L'énergie explosive des favelas

Avec "Roda Favela", le metteur en scène Laurent Poncelet s'attaque à Jair Bolsonaro, ce président d'un Brésil qu'il aime depuis quinze ans. Au plateau, douze artistes multifacettes invitent le spectateur dans leur favela, un condensé d'énergie brute qui se libère autant dans la joie que dans la violence.


Avant même de s’asseoir dans les fauteuils rouges de l’espace Paul-Jargot, on y est, au Brésil. Les douze comédiens brésiliens naviguent et jouent avec le public, l’interpellent, et déjà, la musique. Tout au long de Roda Favela, le dernier spectacle de Laurent Poncelet, la troupe joue en direct sur des instruments traditionnels, percussions et berimbau, cet arc musical qui rythme la capoeira. La vie quotidienne de ces quartiers très pauvres de Rio est interrompue par l’apparition à la télévision du président brésilien Jair Bolsonaro. Il discourt : « Si je vois deux hommes en train de s'embrasser dans la rue, je vais les frapper. » Bam, bam, bam ! Les comédiens forment une danse guerrière qui donne la chair de poule, frappent les peaux des tambours.

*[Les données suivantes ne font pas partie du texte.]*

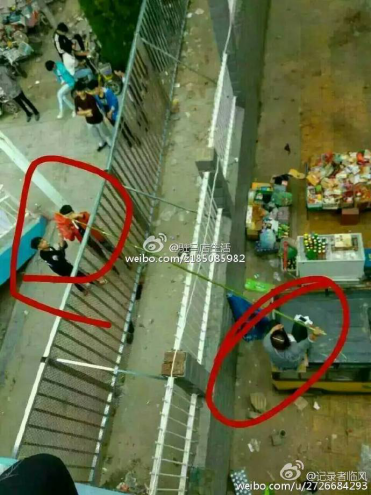 據(jù)@駐馬店生活消息,“自從去年冬天一個(gè)企業(yè)在泌陽(yáng)縣第二高級(jí)中學(xué)蓋起食堂后,該校學(xué)生放學(xué)后自由出入校園、在校外購(gòu)物、就餐的機(jī)會(huì)就被剝奪了。數(shù)千名學(xué)生的校園只保留一個(gè)小賣(mài)部,學(xué)生每日也只準(zhǔn)出入校園一次,且不得帶食物入校。”因不滿學(xué)校食堂的餐品及價(jià)格,許多學(xué)生選擇隔墻購(gòu)買(mǎi)校外的食物。此種校外購(gòu)食物的舉動(dòng),引起了學(xué)校不滿,為了迫使學(xué)生停止與校外商戶交易,校方不僅派老師,近期又花錢(qián)在原院墻外2米處,再焊起一圈鐵柵欄。于是,“長(zhǎng)桿”隔雙墻交易的場(chǎng)景發(fā)生了。

Habitué des saillies violentes contre les femmes, les noirs, les homosexuels ou les Amérindiens, Bolsonaro, élu en 2019, a considérablement aggravé la situation déjà difficile des habitants des favelas. La violence d’État et l’encouragement officiel à s’en prendre aux communautés afro-brésiliennes, LGBT ou autres s’ajoutent à la très grande précarité, aux trafics, à la drogue et tout ce qui va avec. Sans même parler de la (non) gestion de la crise sanitaire. C'est ce régime que dénonce frontalement Laurent Poncelet, chantre de ce théâtre social et mondial qu'il pratique depuis longtemps (Les Bords du monde, Le Soleil juste après...). Roda Favela raconte une histoire, celle d’une communauté qui rebondit de la misère à la joie, de la violence à la légèreté. Des fêtes, un décès, des affrontements, des démons. Des familles qui vivent ensemble pour le meilleur et pour le pire. En dehors de la dramaturgie elle-même, la pièce doit sa puissance à la vigueur et au caractère qui se dégagent de ces artistes, la force des percussions et l’ardeur des danses, qui virent à la transe et sanctifient fièrement les racines africaines des Brésiliens.

Tournée militante

Au terme de la représentation, les artistes saluent, l'une des danseuses craque, fond en larmes. L'intensité du spectacle est d'autant plus forte qu'elle est ressentie pleinement par les artistes. Des petits extraits vidéo des mêmes comédiens, tournés au Brésil en décembre dernier, émaillent le récit. Laurent Poncelet fréquente ce grand pays depuis quinze ans, et récemment, un vingtenaire proche de la troupe a perdu la vie, tué par balles. Le metteur en scène l'avait rencontré à 11 ans sur les planches, il est mort à 23. Pas d'enquête, « il y a des dizaines de tués par jour dans cet État, ils s'en foutent », balaie Laurent Poncelet. Les larmes montent et la voix se noue à l'évocation de ce jeune Romario. « Ce spectacle, je l'aurais fait de toute façon. Mais ça ajoute un côté devoir de mémoire... » Roda Favela déploiera toute sa valeur militante au terme de sa tournée en France, puisque le spectacle partira ensuite au Brésil pour une série de dates chapeautée par... l'Ambassade de France elle-même.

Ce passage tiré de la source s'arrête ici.